Remove values from a string in a column.

Parameters
  • cols – “*”, column name or list of column names to be processed.

  • search

  • search_by – Search by ‘chars’,

  • output_cols – Column name or list of column names where the transformed data will be saved.:param search:

Returns

remove_numbers(cols='*', output_cols=None) optimus.helpers.types.DataFrameType[source]

Remove numbers from a string in a column.

Parameters
  • cols – “*”, column name or list of column names to be processed.

  • output_cols – Column name or list of column names where the transformed data will be saved.

Returns

remove_special_chars(cols='*', output_cols=None) optimus.helpers.types.DataFrameType[source]

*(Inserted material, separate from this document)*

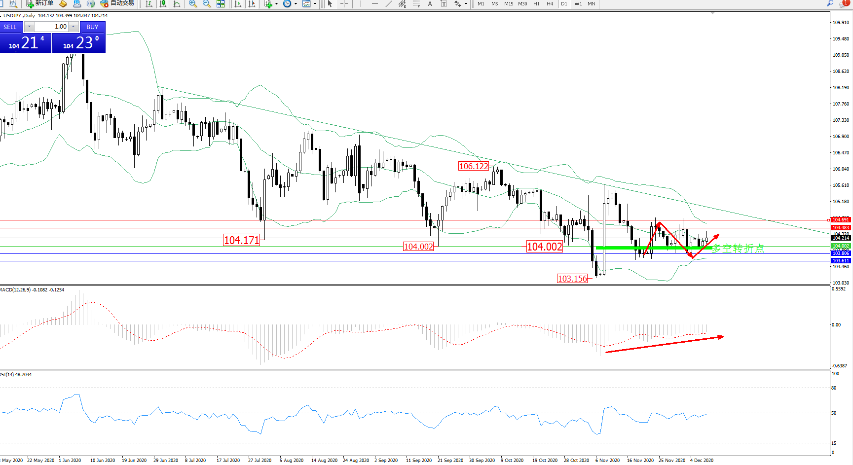 美元兑日圆纠结于104.206附近整理,市场情绪维持谨慎,在基本面并无太多新消息变化的状况下,美元指数依旧维持在91下方的低位,而投资者对避险日元的买需也并未得到进一步提振。在英国脱欧变数犹存且全球疫情仍然肆虐的背景下,避险货币也很难遭到彻底全面的抛售。美国制药巨头辉瑞等研发的新型冠状病毒疫苗已在英国开始接种。辉瑞与日本政府就明年上半年供应1.2亿剂(6000万人份)疫苗达成了基本协议,但需要经过日本国内临床试验和审查手续,预计接种最快在3月前后开始。日本政府表示,要允许在国内接种,不仅需要海外数据,还有必要提交国内的临床试验结果并实施审查。辉瑞正在日本开展第一、二期临床试验,相当于分三个阶段的临床试验中的初期阶段。公关负责人称“正在按计划推进”。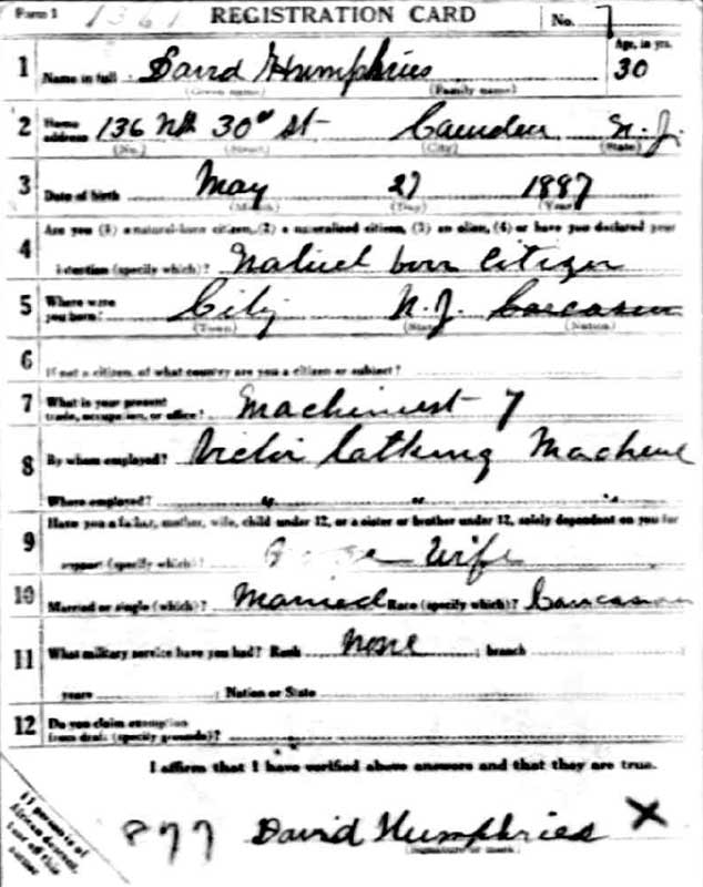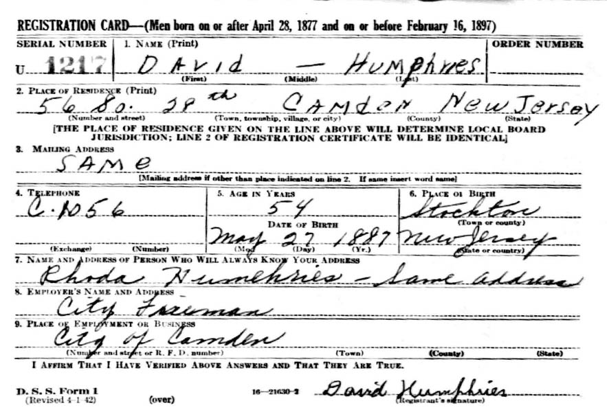 The family had moved to 56 South 28th Street when the 1940 Camden City Directory was compiled. When David Humphries registered for the draft in the spring of 1942, he and his family were still at 56 South 28th Street and he was still with the Fire Department. Shortly thereafter they moved again, to 14 Leonard Avenue. David Humphries appears to have left the Fire Department by 1943. He died on February 22, 1947. The Humphries' were still living at the Leonard Avenue address when the 1947 Directory was compiled, but apparently his son, David W. Humphries, moved to 208 North 35th Street shortly thereafter.

Remove special chars from a string in a column.

Parameters
  • cols – “*”, column name or list of column names to be processed.

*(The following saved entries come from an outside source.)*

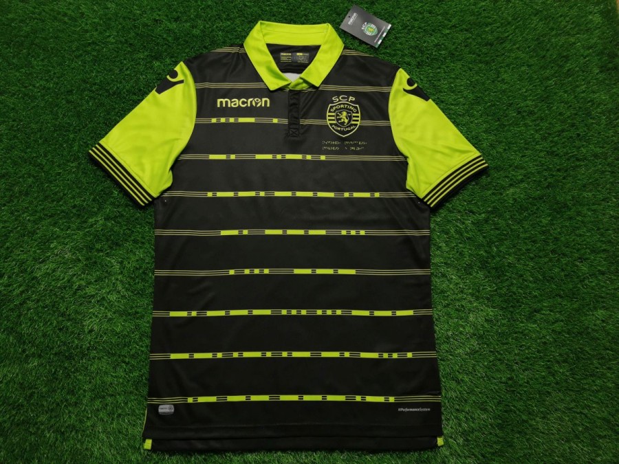 Na pierwszy rzut oka wyłania się zakodowana alfabetem Morse'a przyśpiewka fanów Sportingu. Motyw ten jest przewodnim tego trykotu, ale nie jedynym. Kolejny smaczek znajduje się pod herbem klubu. Tam zdecydowano się użyć, alfabetu Braille'a. Wiele miejsc pisało, że Macron zdecydował się umieścić w tym miejscu nazwę klubu, ale... nie jest to prawdą. Jest to motto klubu, które po portugalsku brzmi: "Esforço Dedicação Devoção e Glória", czyli "Wysiłek Poświęcenie Oddanie i Chwała".
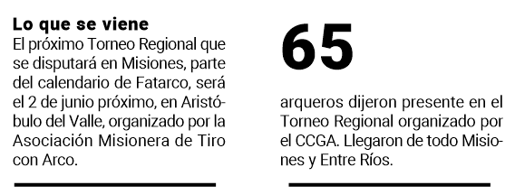 En cuanto a lo que se viene, el próximo Torneo Regional que se disputará en Misiones será el 2 de junio próximo, en Aristóbulo del Valle, organizado por la Asociación Misionera de Tiro con Arco.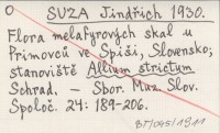 SUZA Jindřich 1930 Flora melafyrových skal u Primovců ve Spiši, Slovensko ; stanoviště Allium strictum Schrad.
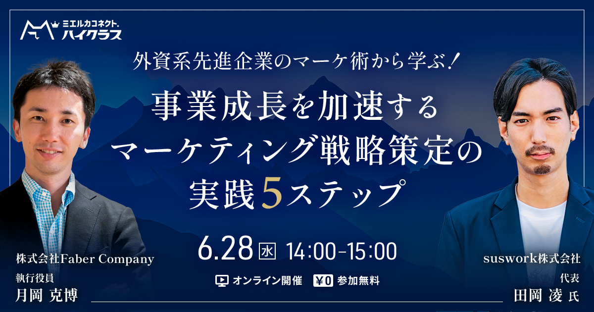 「すぐ実践できるマーケティング戦略策定の方法」をテーマに、suswork株式会社 代表 田岡 凌 氏と当社執行役員 月岡によるセミナーを実施いたします。マーケティング戦略と施策を推進する役員・事業部長の方、マーケティング戦略をどうつくればいいかわからないとお悩みの方は、ぜひご参加ください。

  • output_cols – Column name or list of column names where the transformed data will be saved.

Returns

remove_stopwords(cols='*', language='english', output_cols=None) optimus.helpers.types.DataFrameType[source]

Remove extra whitespace between words and trim whitespace from the beginning and the end of each string.

Parameters
  • cols – “*”, column name or list of column names to be processed.

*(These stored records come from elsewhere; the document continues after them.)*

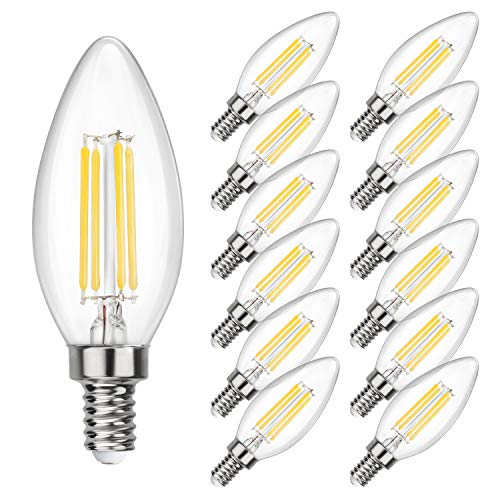 SHINE HAI Candelabra LED Filament Bulbs 40W Equivalent, 4000K Chandelier B11 LED Bulb E12 Base Decorative Candle Light Bulb, Pack of 12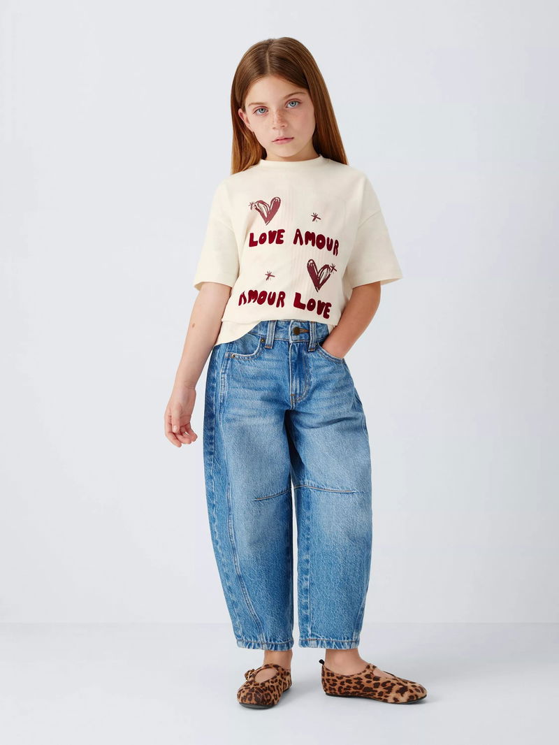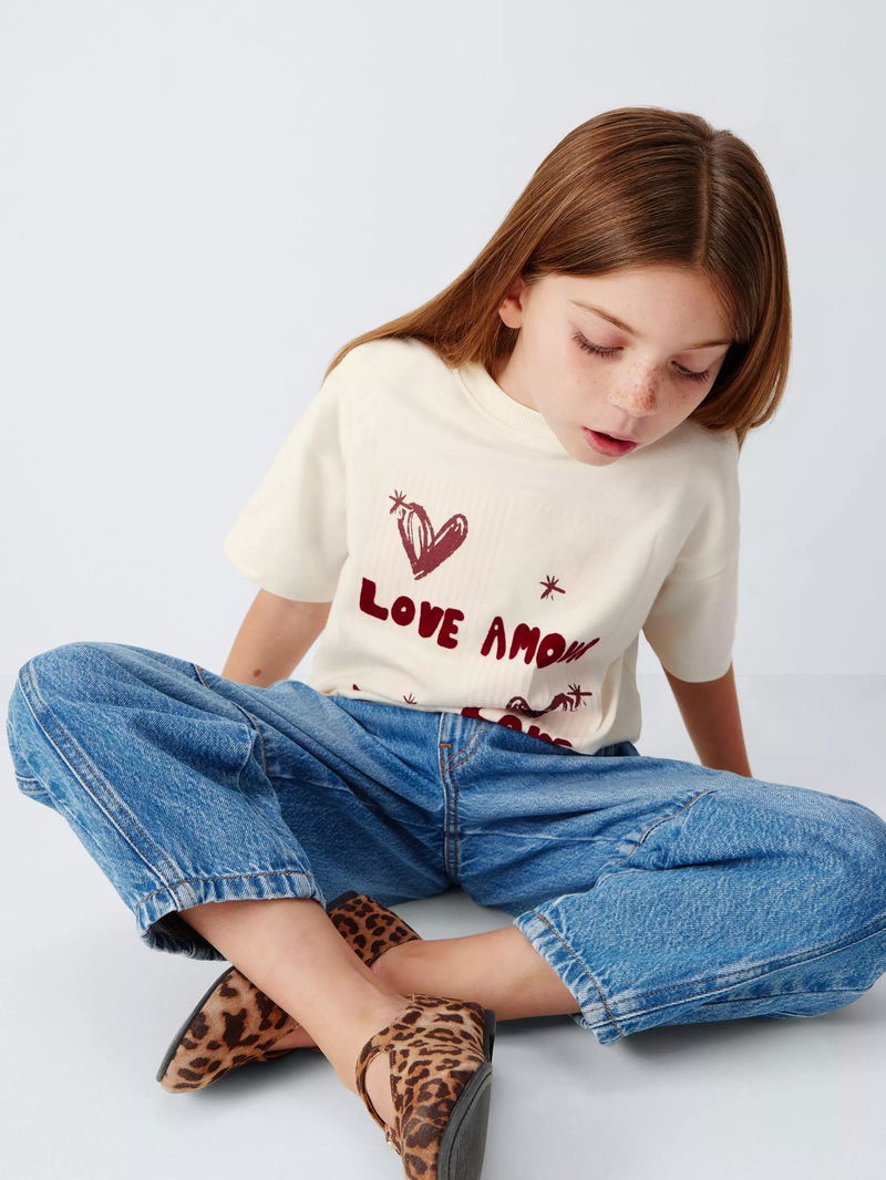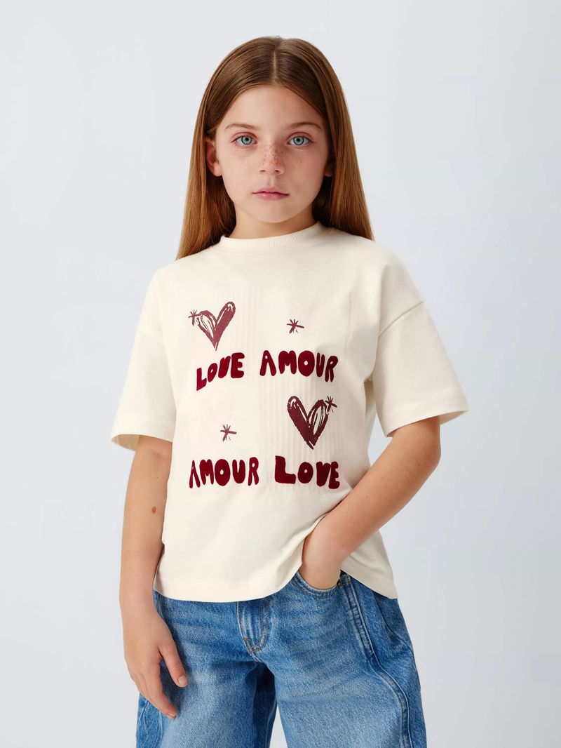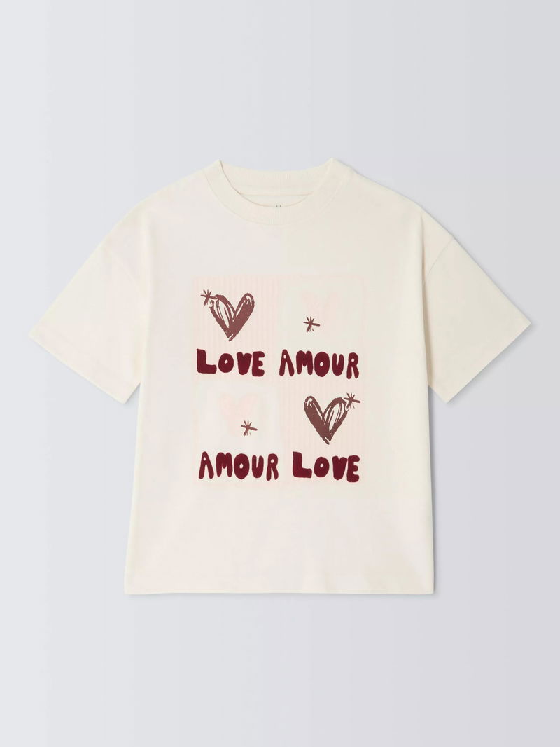 Kids' Love Amour Short Sleeve T-Shirt, Cream/Pink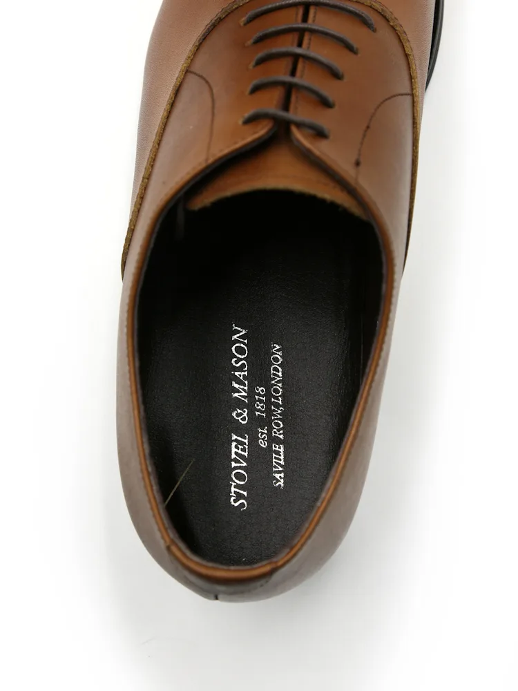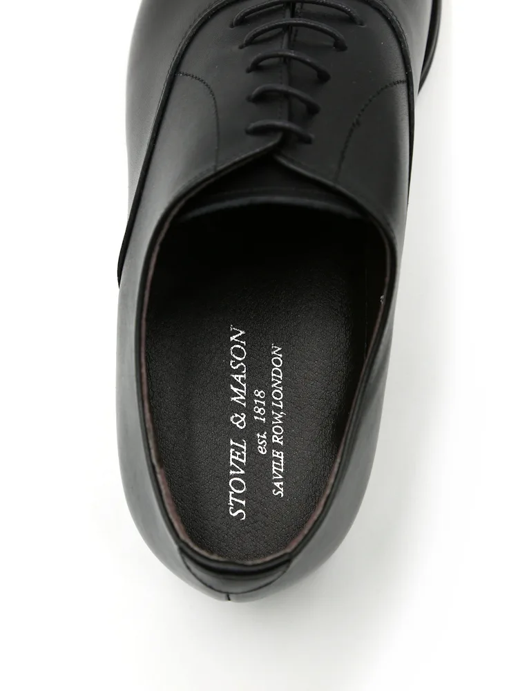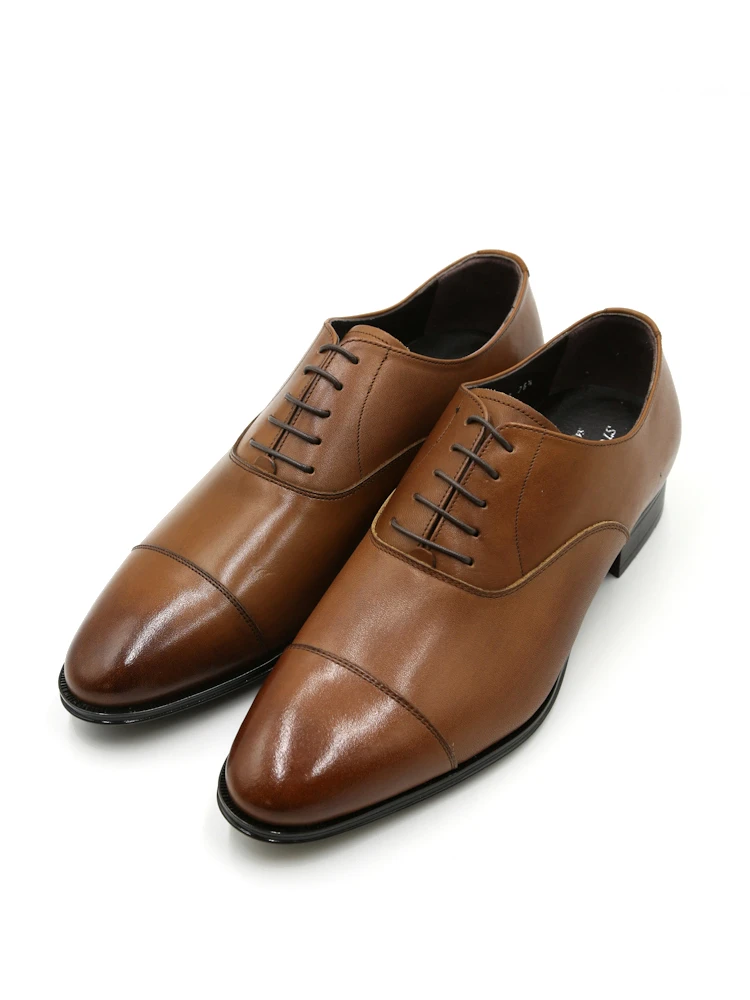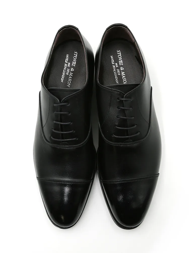 つま先に横一本線が入っている「内羽根式ストレートチップ」デザインのシューズ。

  • language – specify the stopwords language

  • output_cols – Column name or list of column names where the transformed data will be saved.

Returns

remove_urls(cols='*', output_cols=None) optimus.helpers.types.DataFrameType[source]

Remove urls from the one or more columns.

Parameters
  • cols – “*”, column name or list of column names to be processed.

  • output_cols – Column name or list of column names where the transformed data will be saved.

Returns

remove_white_spaces(cols='*', output_cols=None) optimus.helpers.types.DataFrameType[source]

Remove all white spaces from string in a column.

Parameters
  • cols – “*”, column name or list of column names to be processed.

  • output_cols – Column name or list of column names where the transformed data will be saved.

Returns

rename(cols: Union[str, list, dict] = '*', names: Optional[Union[str, list]] = None, func=None) optimus.helpers.types.DataFrameType[source]

Changes the name of a column(s) dataFrame.

Parameters
  • cols – string, dictionary or list of strings or tuples. Each tuple may have following form: (oldColumnName, newColumnName).

  • names – string or list of strings with new names of columns. Ignored if a dictionary or list of tuples is passed to cols.

  • func – can be lower, upper or any string transformation function.

Returns

Dataframe with columns names replaced.

replace(cols='*', search=None, replace_by=None, search_by=None, ignore_case=False, output_cols=None) optimus.helpers.types.DataFrameType[source]

Replace a value, list of values by a specified string.

Parameters
  • cols – ‘*’, list of columns names or a single column name.

  • search – Values to look at to be replaced

  • replace_by – New value to replace the old one. Supports an array when searching by characters.

  • search_by – Can be “full”,”words”,”chars” or “values”.

  • ignore_case – Ignore case when searching for match

  • output_cols – Column name or list of column names where the transformed data will be saved.

Returns

DataFrame

replace_regex(cols='*', search=None, replace_by=None, search_by=None, ignore_case=False, output_cols=None) optimus.helpers.types.DataFrameType[source]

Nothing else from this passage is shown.